**PROBLEM TO WORK ON**:
Transcribe the listing below in full, exactly, with no images.

**GIVEN INFORMATION**:
::::::::
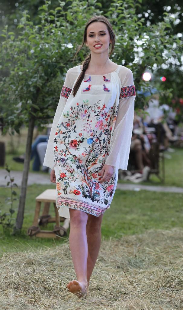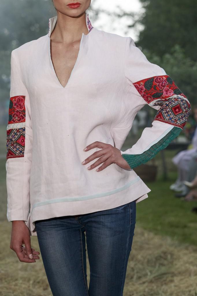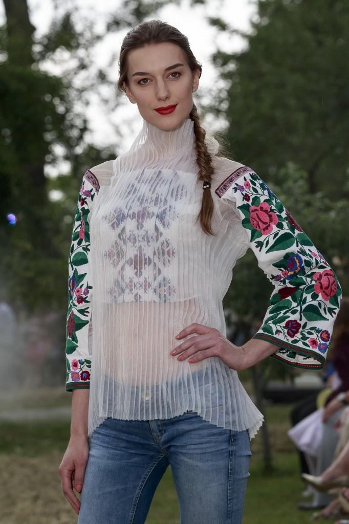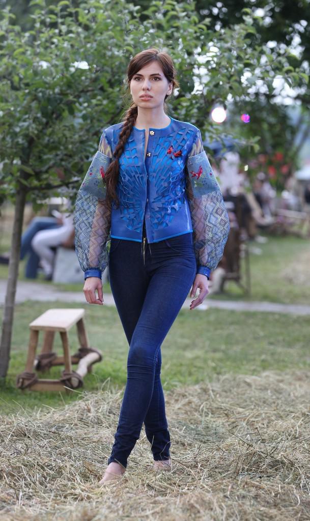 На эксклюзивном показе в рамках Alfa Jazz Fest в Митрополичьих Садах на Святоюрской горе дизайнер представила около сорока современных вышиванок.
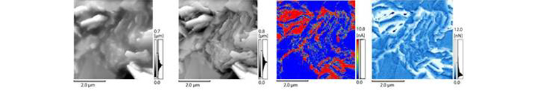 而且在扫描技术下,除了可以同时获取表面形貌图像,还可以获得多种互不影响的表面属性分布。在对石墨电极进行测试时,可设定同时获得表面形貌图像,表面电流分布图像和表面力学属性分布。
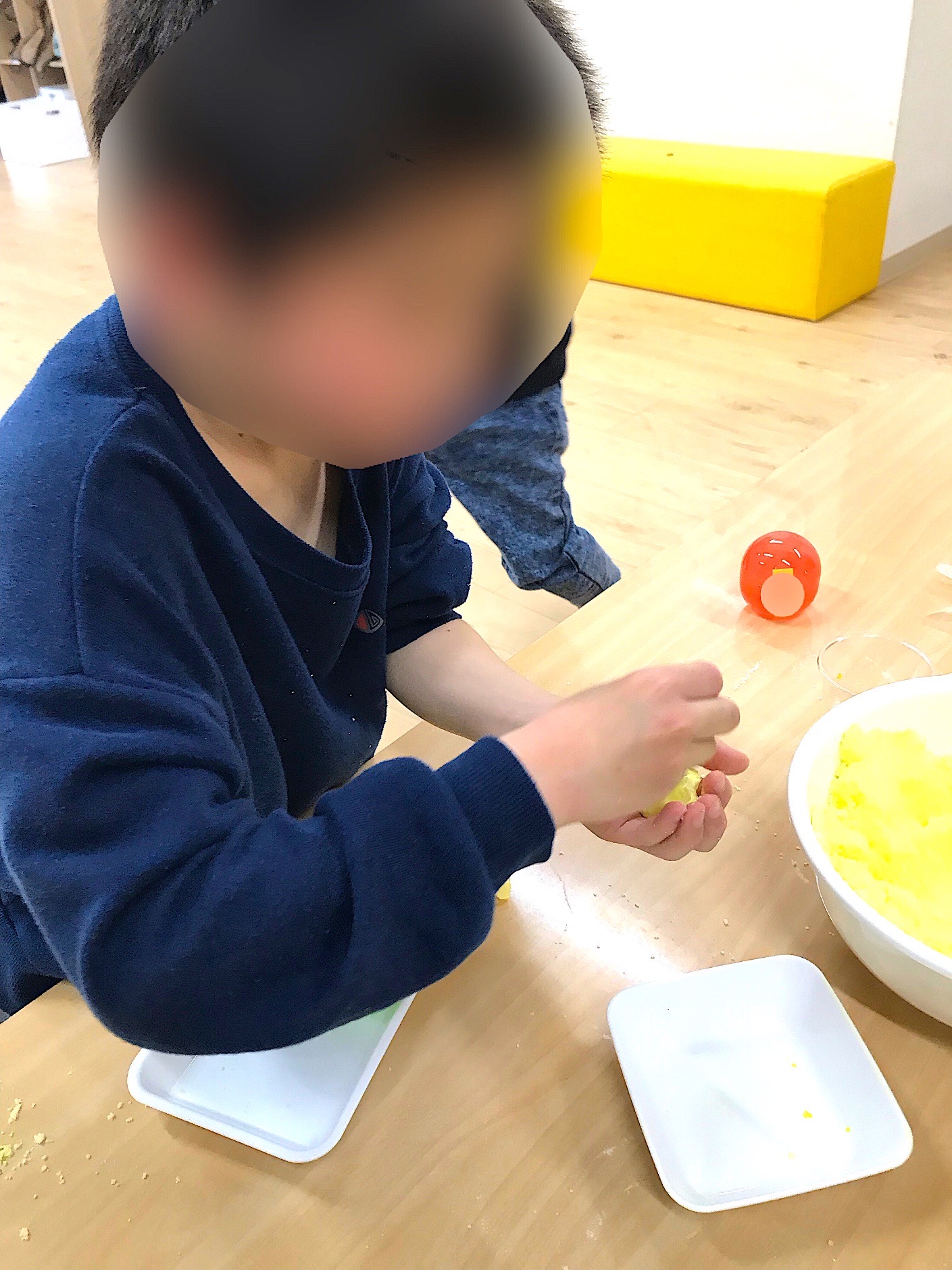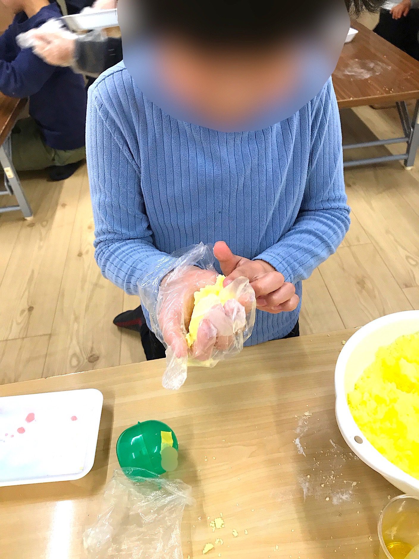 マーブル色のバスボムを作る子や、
::::::::
**YOUR RESPONSE**:
 На эксклюзивном показе в рамках Alfa Jazz Fest в Митрополичьих Садах на Святоюрской горе дизайнер представила около сорока современных вышиванок.
 而且在扫描技术下,除了可以同时获取表面形貌图像,还可以获得多种互不影响的表面属性分布。在对石墨电极进行测试时,可设定同时获得表面形貌图像,表面电流分布图像和表面力学属性分布。
 マーブル色のバスボムを作る子や、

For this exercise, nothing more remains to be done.